The declaration was originally seen as an opportunity to push back against geostrategic competition, but de Jong said there were now conflicting designs on what an Ocean of Peace would look like.
He said for it to be meaningful, it must be aspirational and build on what had already come before.
“There’s no use in saying we declare the Blue Pacific to be an Ocean of Peace, and then just simply re-affirming the existing framework,” he said.
“People will be looking out for new language on maybe regulating the use of force, or language around demilitarisation, or climate security that goes beyond the Boe Declaration.”
That declaration, endorsed in 2018, re-affirmed climate change as the single greatest security threat in the Pacific, but also expanded the concept of security to include human security, humanitarian assistance, environmental security and regional co-operation.
De Jong said New Zealand had played a “leading” role in drafting the Ocean of Peace declaration, which may mean New Zealand was facilitating specific priorities at the declaration’s heart.
He said the fact it was a declaration, and not a treaty, reflected in part the contradictary purposes and divided state of regionalism at the moment.
“You have a situation where the geostrategic imperative appears to be to align the region with broader geostrategic objectives, in this case, with the US against China. And you see that with this whole lattice-work of regional security framing,” he said.

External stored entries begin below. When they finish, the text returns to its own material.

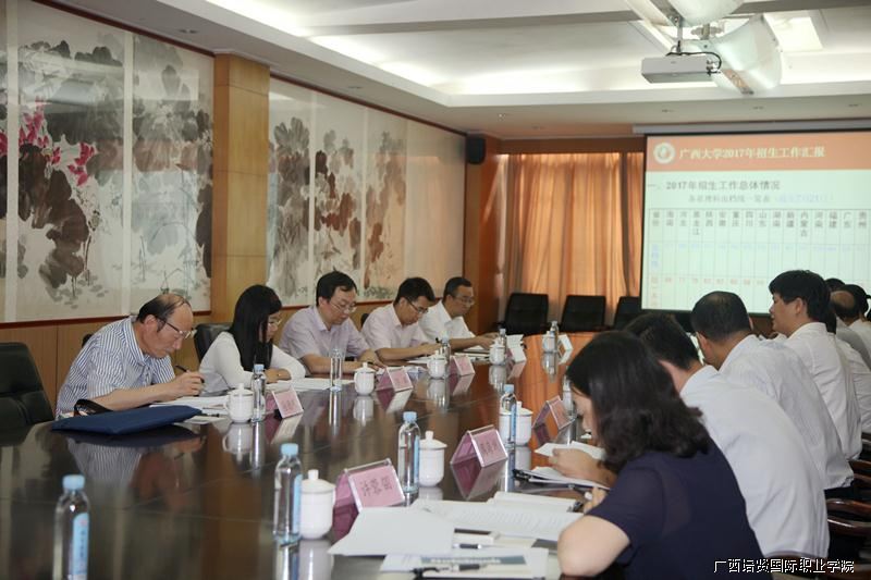 21日下午🤎,督查组深入广西大学👩🚀,听取广西大学2017年自主招生和特殊类型招生等工作汇报🧛♂️,检查指导有关工作𓀖。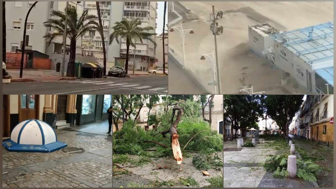 La borrasca Bernard se ha dejado sentir a lo largo del día de hoy en toda la península y en Cádiz capital ha arrasado con árboles por las rachas de viento que han llegado a ser de hasta 100 km/h. A lo largo de toda la tardes las redes sociales se han llenado de vídeos y fotografías que recogen los daños ocasionados principalmente por el viento a pesar de que también el agua se ha dejado caer de manera intensa. Así hemos podido ver la playa perdiendo muchísima arena, la plaza del Mentidero como si fuese un bosque por la cantidad de verde que había en el suelo producto de la caída de ramas y árboles y palmeras cayéndose en plena avenida.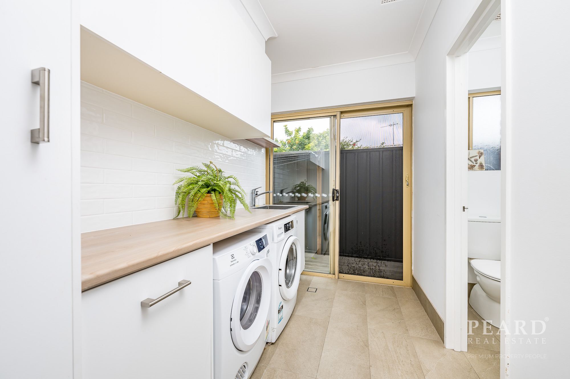 - Renovated laundry with timber-look benchtops, ample storage, tiled splashback and separate WC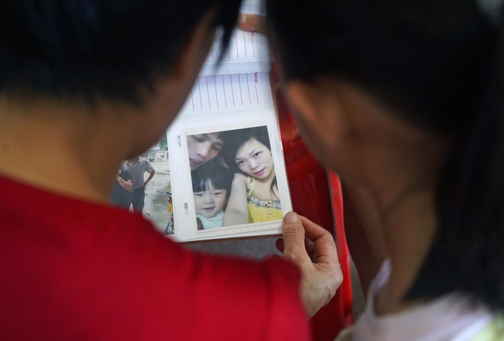 在江西省武宁县鲁溪镇梅颜村,留守儿童毕梓萱(右)和奶奶一起看爸爸妈妈的合影照片。新华社记者 万象 摄

“So you see with Australia all of these bilateral deals, say with Nauru, or Tuvalu, or PNG, which all have these strategic trust clauses or security vetoes in them. And so the temptation will be for New Zealand to meddle, to make the Ocean of Peace reflect that broader regional security architecture, things like the Pacific Policing Initiative or the Pacific Response Group of the South Pacific defense ministers meeting.
“But as the US becomes more unreliable, there’s something to be said for the alternative way that Pacific nations see regional security. A focus on climate action, on equitable, human-centered development, on nuclear disarmament. That, to my mind, serves to insulate the region from the worst excesses of geostrategic competition.”

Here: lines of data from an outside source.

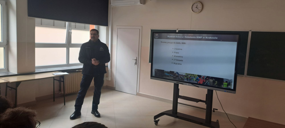 W ramach promocji zawodu policjanta, Zastępca Komendanta Miejskiego Policji w Krakowie podinspektor Leszek Zagórski, przeprowadził prelekcję w IX Liceum Ogólnokształcącym w Krakowie. Komendant w przystępny sposób przedstawił etapy rekrutacji i przybliżył specyfikę policyjnej służby.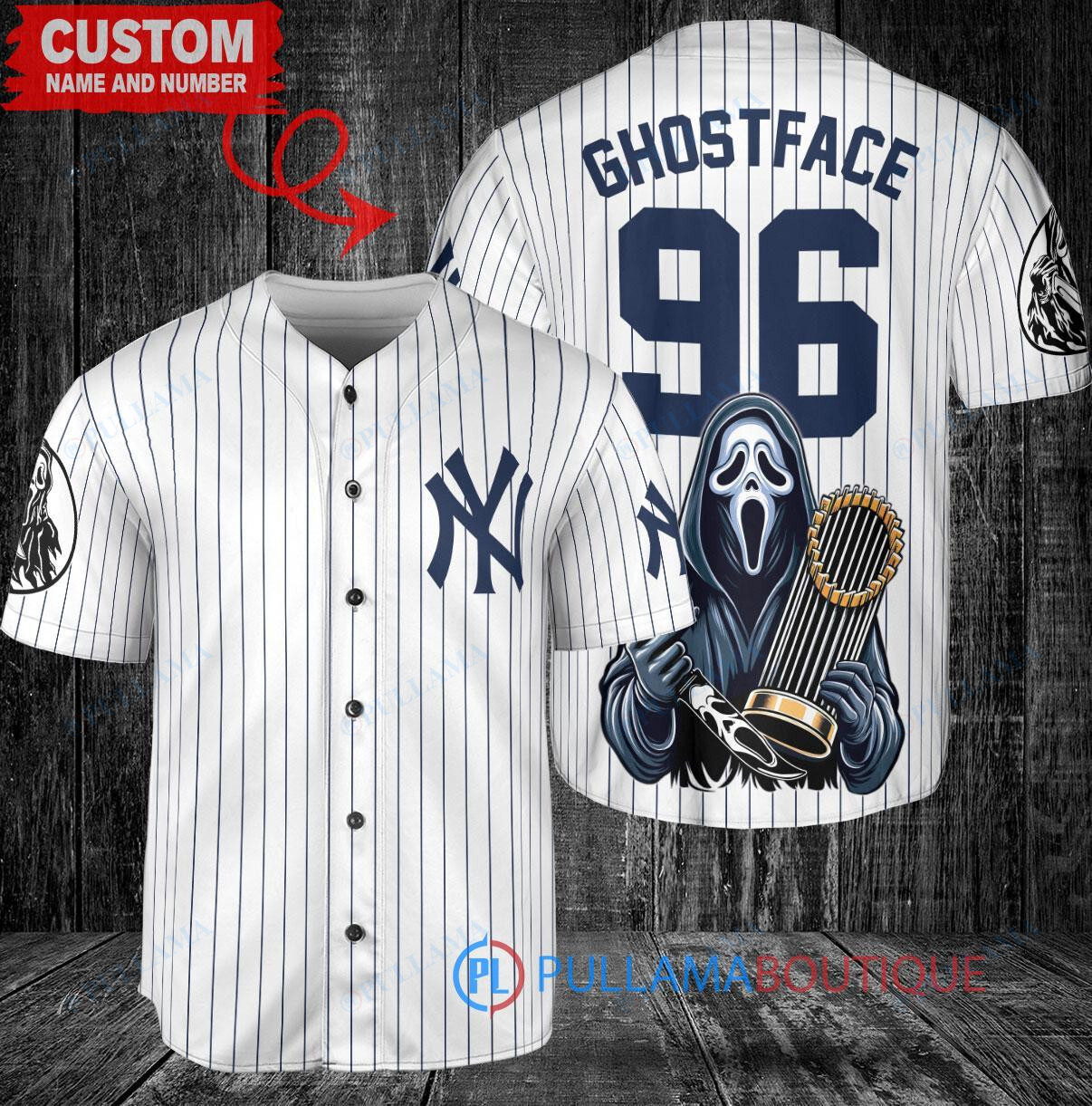 Get into the Halloween spirit with this custom New York Yankees x Ghostface Scream Halloween Baseball Jersey. Featuring a unique design with the World Series Trophy, this white jersey is perfect for any Yankees fan looking to show off their team pride during the spooky season. Made with high-quality materials, this jersey is sure to be a hit at any Halloween party or baseball game. Add a touch of fright to your game day outfit with this one-of-a-kind jersey!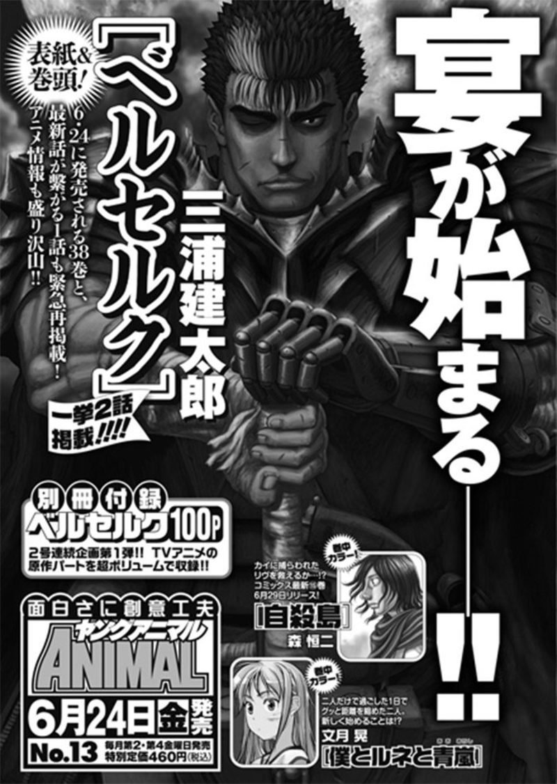 El día 24 de junio también saldrá a la venta en Japón el tomo recopilatorio número #38 de 'Berserk'. Hasta la fecha no se publicaba un nuevo volumen desde hace más de tres años.

Cook Islands Prime Minister Mark Brown.
Photo: RNZ / Nate McKinnon
The meeting would also be the first time Christopher Luxon was in the same room as Mark Brown since New Zealand paused $18.2m in development assistance to the Cook Islands, over a lack of consultation over a partnership agreement with China.

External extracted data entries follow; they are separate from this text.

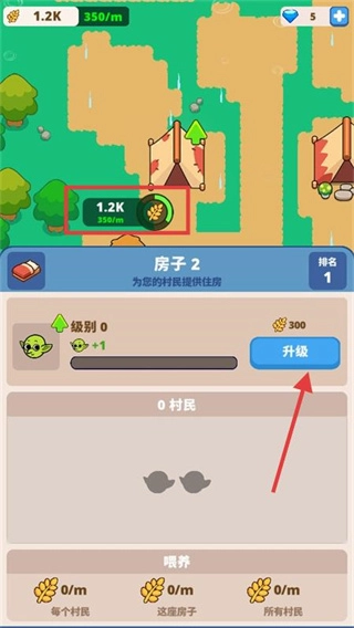 4、升级【房子2】需【300】资源,点击【升级】提等级,关注资源产出【1.2K】-【350】/m保建设。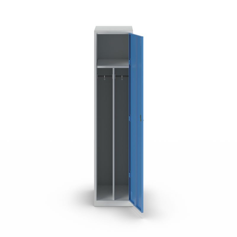 Stålskåpet Alvina har en praktisk hatthylla med två klädstänger inklusive krokar och är dessutom utrustat med en skiljevägg så att du kan hålla arbets- och privatkläder åtskiljda. Perforeringen i dörren sörjer för optimal ventilation av kläderna.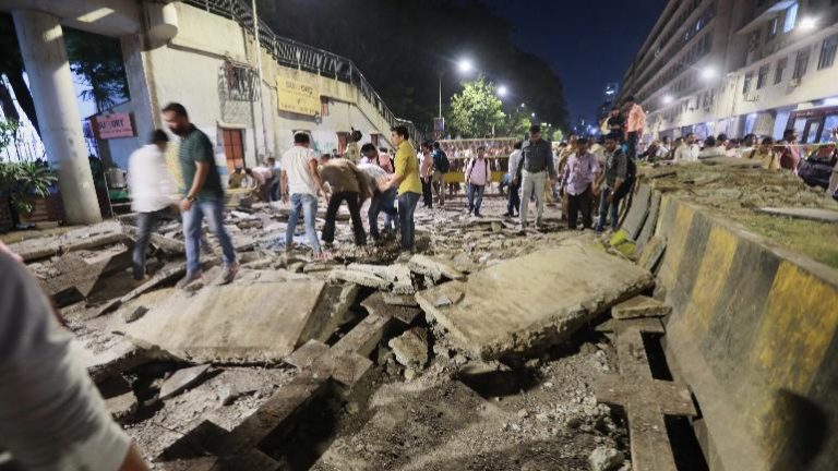 नयाँ दिल्ली, १ चैत । भारतको आर्थिक राजधानी मुम्बईमा पैदल यात्रु हिड्ने एक पुल भत्किदाँ ज्यान गुमाउने व्यक्तिको सङ्ख्या कम्तीमा ६ हुनुको साथै अन्य ३१ घाइते भएका प्रहरी स्रोतले शुक्रबार जानकारी दिएको छ ।
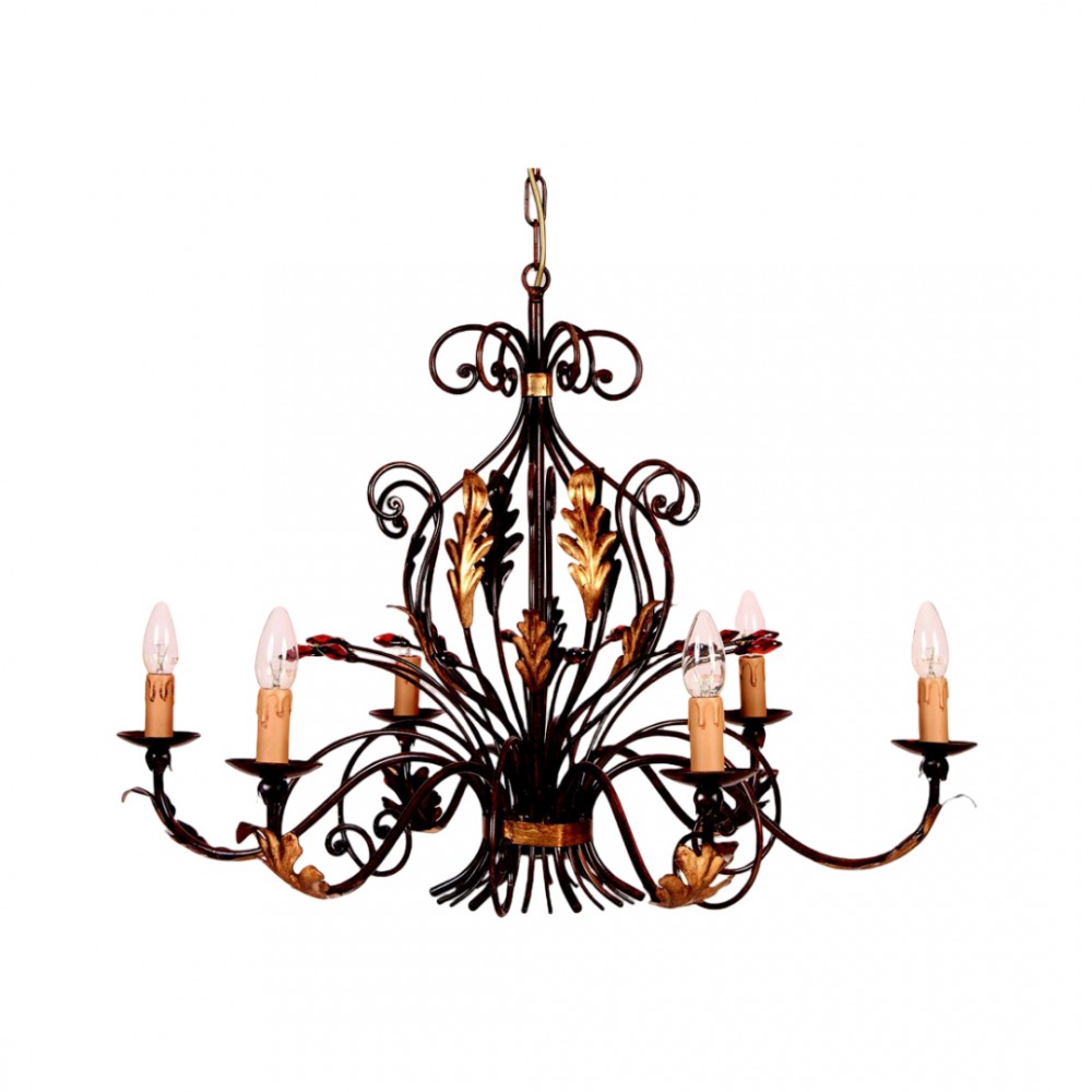 Lampadario classico in ferro noce oro 6 luci Sterna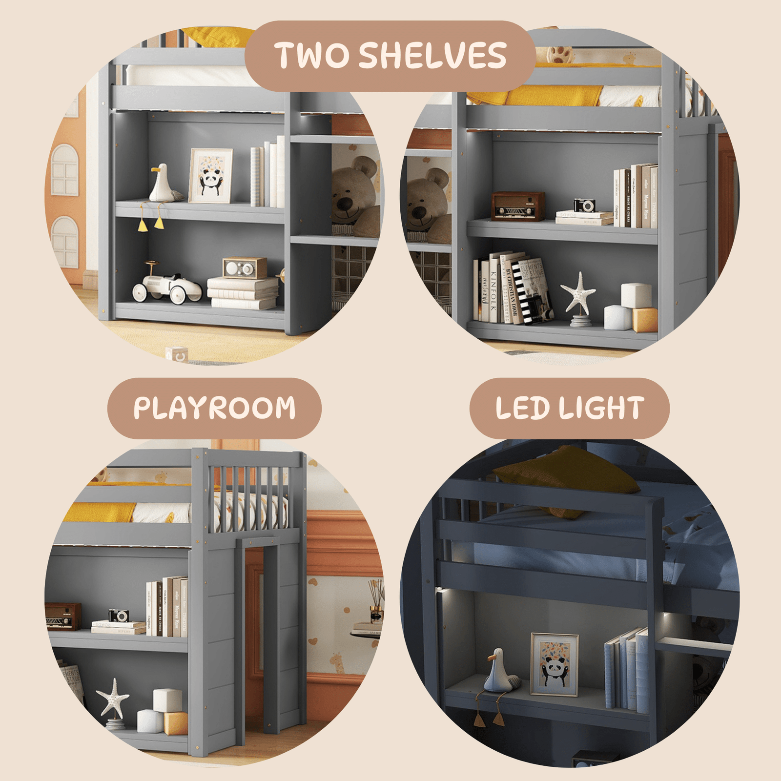 Grey Twin Low Loft Bed with Two-Tier Shelves and LED Light – Kids’ Playroom Design

Neither leader would want their tensions to be a distraction from what the Forum was seeking to achieve this week.
Luxon was sure he and Brown would catch up, and promised civility.
“We’ll have a good engagement. Our officials are working through the risk areas that we see in those documents. That’s ongoing work, but I’m sure we’ll have a very civil and constructive engagement.”
New Zealand is also bidding to host the 2027 PIF, having last hosted in 2011.